DEA raids help cartels
(Re: “The DEA’s dartboard,” In Case You Missed It, Feb. 18.) The U.S. Drug Enforcement Administration certainly seems intent on subsidizing organized crime. Colorado’s medical marijuana law allows patients to purchase marijuana of known quality from dispensaries that generate tax revenue.
Mexican drug cartels are no doubt thrilled with the DEA’s efforts to shut it all down. Does helping organized crime maintain a monopoly on marijuana distribution somehow benefit taxpayers?
Let’s not kid ourselves and pretend that marijuana prohibition does anything other than provide artificial price supports for cartels. The U.S. has higher rates of marijuana use than the Netherlands, where marijuana is legally available. Eliminating a medical marijuana cottage industry only to have it replaced by organized crime groups that sell cocaine, heroin and methamphetamine is not a good thing.
When does President Obama intend to live up to his campaign promise to stop the DEA raids? If Colorado’s burgeoning medical marijuana industry is a reliable indicator, the number of marijuana consumers out there is far bigger than previously imagined. Obama would be wise to honor his commitments if he wants to serve a second term. The excitement among marijuana reform advocates that preceded his election is turning into a sense of betrayal.

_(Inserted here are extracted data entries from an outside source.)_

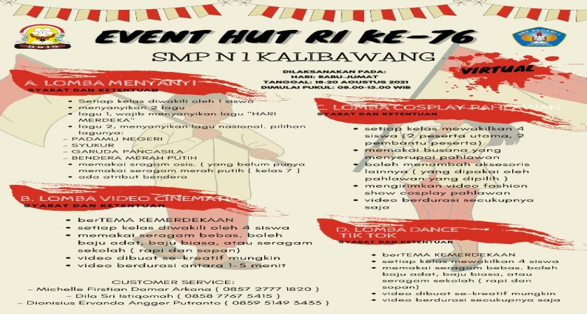 Pandemi ini memang mengubah segala lini kehidupan, termasuk kegiatan-kegiatan siswa yang seharusnya menjadi pemecah stress dan lelah di tengah padatnya pembelajaran di sekolah, tetapi sayang sekali kegiatan-kegiatan seru siswa ini harus ditunda untuk waktu yang tidak ditentukan. Namun, bukan siswa SMP N 1 Kalibawang jika hanya berdiam diri saja. Kreatifitas tanpa batas siswa kebanggaan SPENSAKA ini (nama singkatan untuk SMP N 1 Kalibawang) yang dilakukan oleh Pengurus OSIS SPENSAKA untuk memeriahkan peringatan hari kemerdekaan RI yang ke 76. Sesuai dengan event-nya, kegiatan ini dimaksudkan untuk memperingati HUT Ke-76 RI sekaligus menambah semangat siswa dalam mengekspresikan dan mengoptimalkan potensi diri dalam karya yang beragam. Apa saja itu?
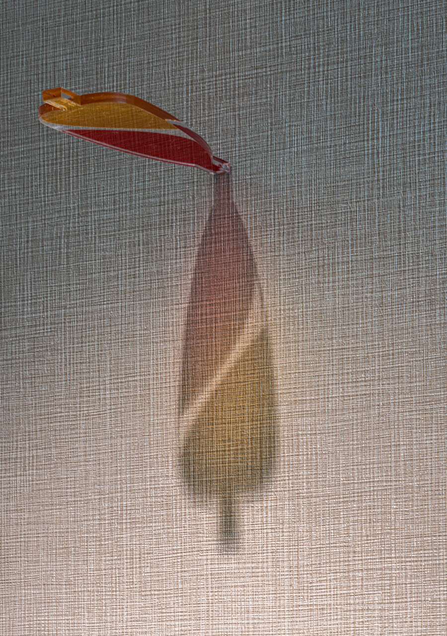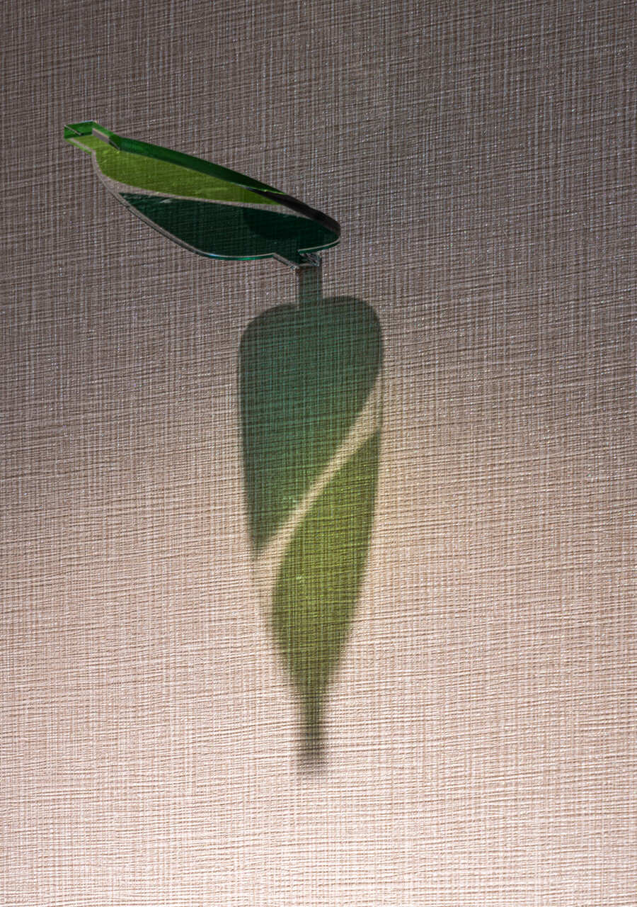 基準階トイレにはアクリル板にフィルムを貼った突き出しサインを設置。光を照射することで、壁面に落ちる葉のシルエットがサインの役割を果たす
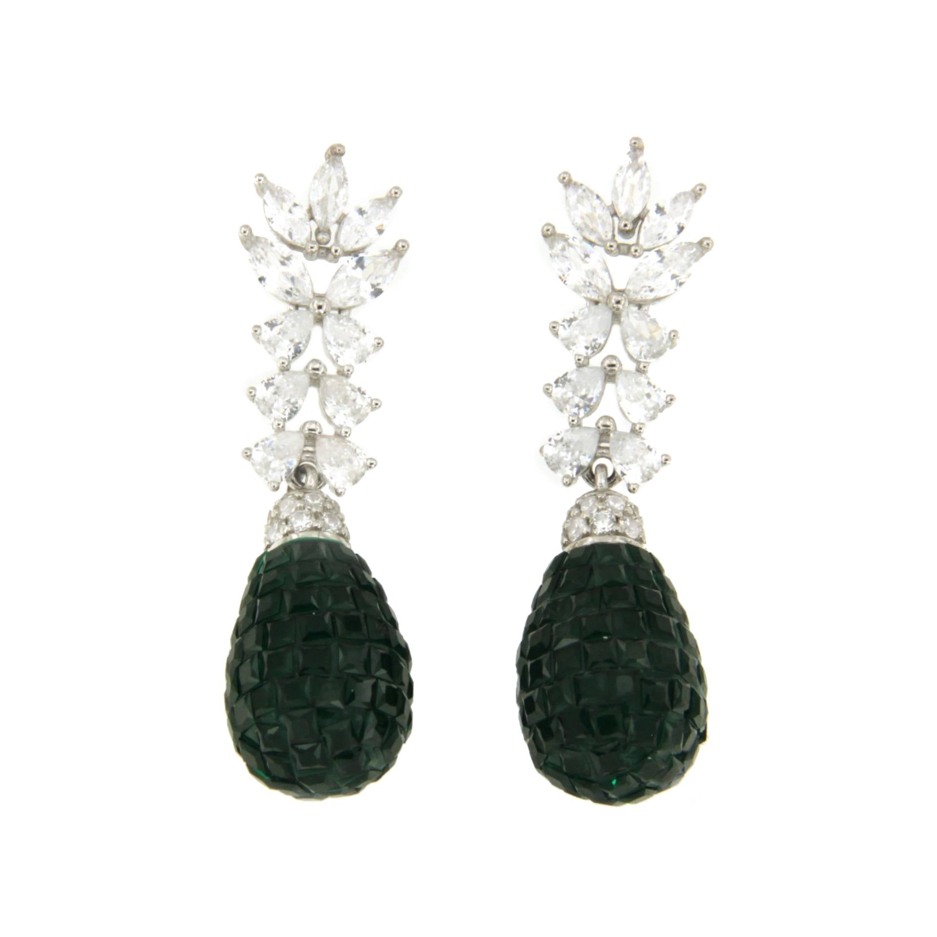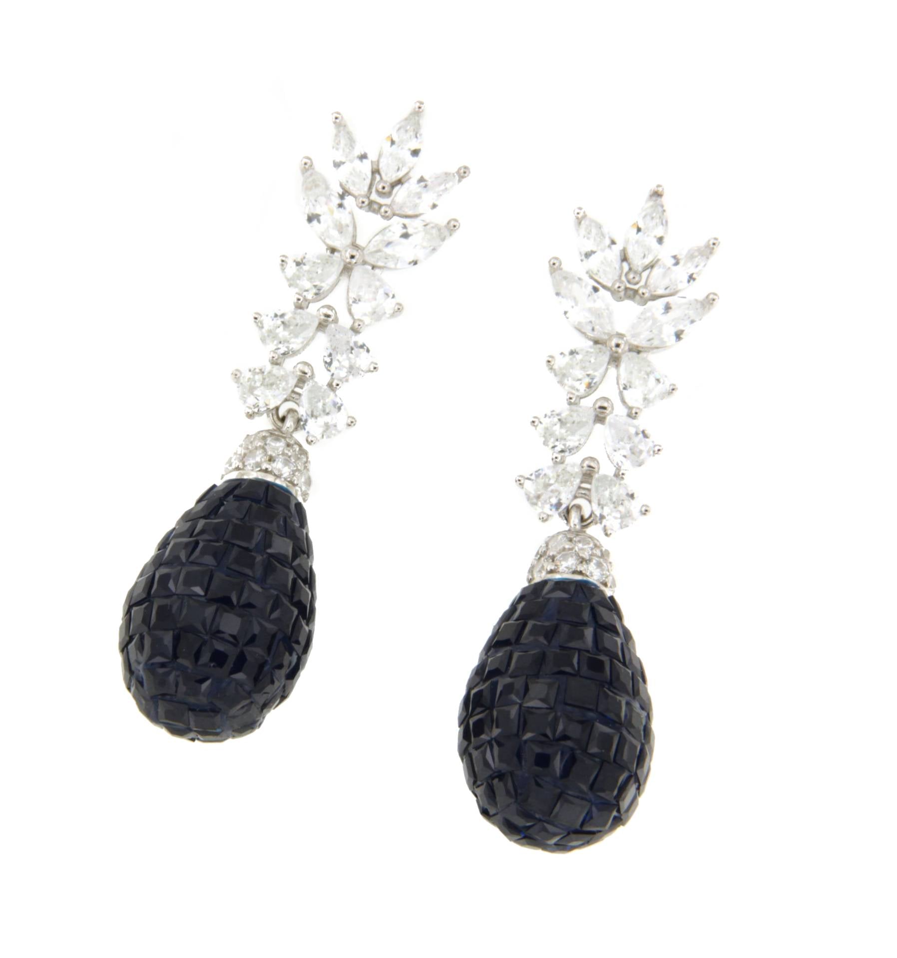 Precious gem: White cubic zirconia and cubic zirconia in ruby, emerald, and sapphire colors.
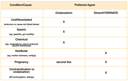 - Use an alternative agent if the first line is ineffective: A single agent is effective in most patients. If the first line agent is ineffective after 15-30 minutes, it is reasonable to consider providing a second antiemetic.
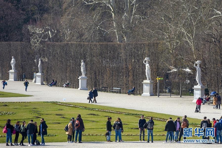 3月21日,游客在奥地利维也纳美泉宫花园内休息。 新华社记者 郭晨 摄
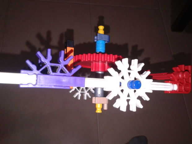 esta es un arma de lanzamiento de rueda. Es mi primer instructable. Cualquier comentario constructivo es bienvenido.Paso 1: La parte posterior de la pistola Esta es la parte trasera de la pistola. El grupo de conectores blancos es el mango.Paso 2: El

United Nations drug stats: www.unodc.org/. Comparative analysis of U.S. vs. Dutch rates of drug use: www. drugwarfacts.org/thenethe.htm.

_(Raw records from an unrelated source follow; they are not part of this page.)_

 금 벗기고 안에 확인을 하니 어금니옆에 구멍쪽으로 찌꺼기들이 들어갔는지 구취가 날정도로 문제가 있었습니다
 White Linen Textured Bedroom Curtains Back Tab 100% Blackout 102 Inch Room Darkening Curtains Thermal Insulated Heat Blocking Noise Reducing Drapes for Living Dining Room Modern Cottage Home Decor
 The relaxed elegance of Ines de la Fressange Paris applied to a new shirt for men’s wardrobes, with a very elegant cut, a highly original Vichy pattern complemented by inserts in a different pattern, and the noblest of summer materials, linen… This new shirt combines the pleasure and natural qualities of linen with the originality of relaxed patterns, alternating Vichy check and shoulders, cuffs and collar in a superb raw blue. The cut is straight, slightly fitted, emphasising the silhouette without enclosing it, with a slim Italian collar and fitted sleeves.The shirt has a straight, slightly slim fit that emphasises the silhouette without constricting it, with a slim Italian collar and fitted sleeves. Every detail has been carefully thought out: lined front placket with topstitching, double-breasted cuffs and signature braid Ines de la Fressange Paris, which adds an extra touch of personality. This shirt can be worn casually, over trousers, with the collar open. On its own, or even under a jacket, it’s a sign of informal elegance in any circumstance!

Robert Sharpe, policy analyst for Common Sense for Drug Policy/ Washington, D.C.
(Re: “Unwanted vaginal intrusion,” In Case You Missed It, Feb 18.) I’m against the “personhood” movement, designed to give every fetus the rights of a citizen, but let’s imagine for a moment that this amendment passes. The Colorado constitution would then define a “person” as a “human being.”
What could that do to the personhood of corporations? Might it open the door to a challenge to the recent appalling Supreme Court decision on Citizens United?
What about Bennett?
(Re: “Forget the Olympics,” Elevation, Feb. 18.) As a lifetime Boulder County resident, a life-long skier and an avid reader of the Boulder Weekly, I like to read factual information in articles. So this being said, an article in the Elevation portion of the Feb. 18 issue of the paper is a nice personal question-and-answer article on Griffin Post, but is off the mark.

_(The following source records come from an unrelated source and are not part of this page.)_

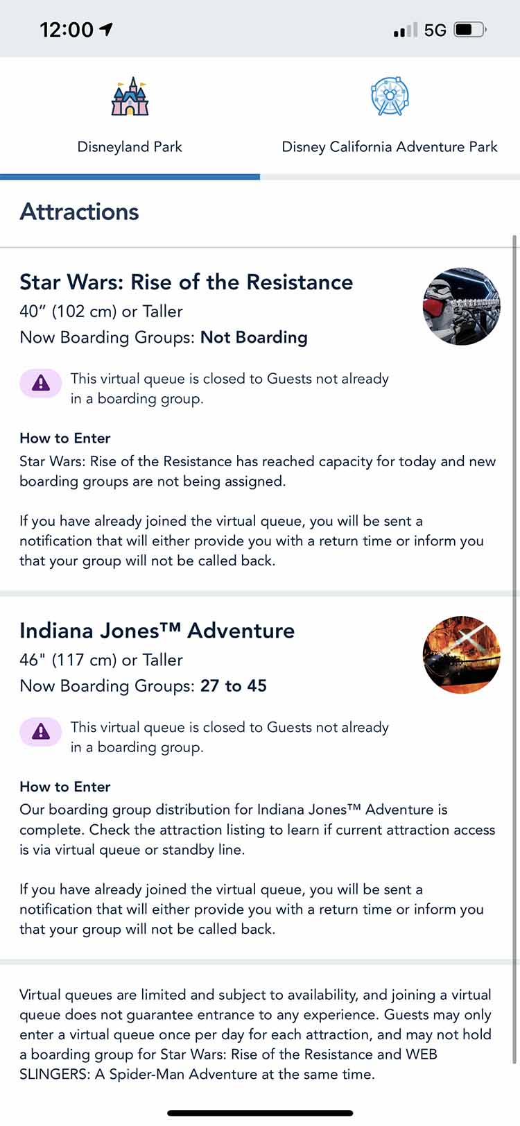 The two rides that require a virtual queue are Star Wars Rise of the Resistance and Indiana Jones. For those going to Disneyland first, you can join a virtual queue for both rides at 7 am and 12 pm. You may or may not get in at 7 am — if you don’t, you can try again at the 12 pm queue opening.
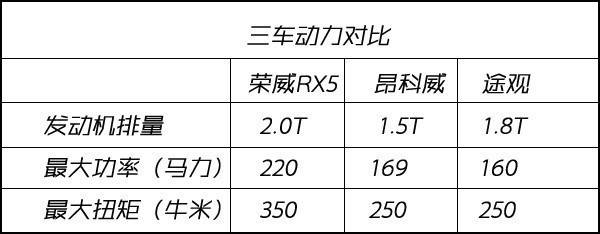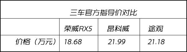 我们选择价格相近的车型参与本次的对比。分别为荣威RX5 30T四驱互联网智尊版(下文简称荣威RX5),18.68万元;昂科威2016款20T两驱领先型(下文简称昂科威),21.99万元;途观2016款300TSI自动两驱风尚版(下文简称途观),21.18万元。
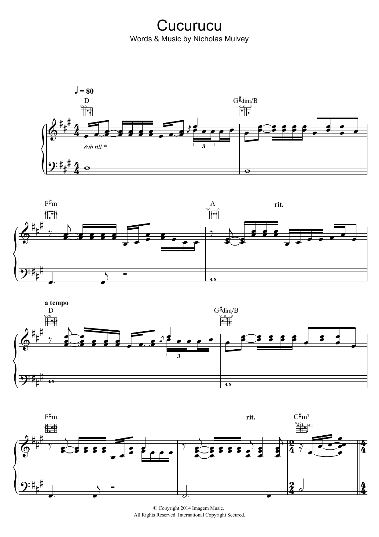 Download or print Nick Mulvey Cucurucu sheet music, chords and digital score arranged for Guitar Chords/Lyrics. This Pop score includes 3 page(s).

Griffin is not from Colorado, but is from Sun Valley, Idaho, skis for Jackson Hole and last I knew lives in Sandy, Utah. The article seems to promote the Freeride World Tour, which is really a European off-shoot of the 12-year-old Freeskiing World Tour. The Freeskiing World Tour is really the ultimate show of extreme big mountain skiing and showcases the best skiers that compete.
I do not want to trivialize Griffin Post, but the real stand-out extreme big mountain skier is the real native of Colorado and of Boulder County, and that is Cliff Bennett, who also is a ski competitor on both tours, having won many events on both. Cliff Bennett’s record stands on its own merits and deserves to be recognized as one of the best skiers in the world. There’s a lot to his story.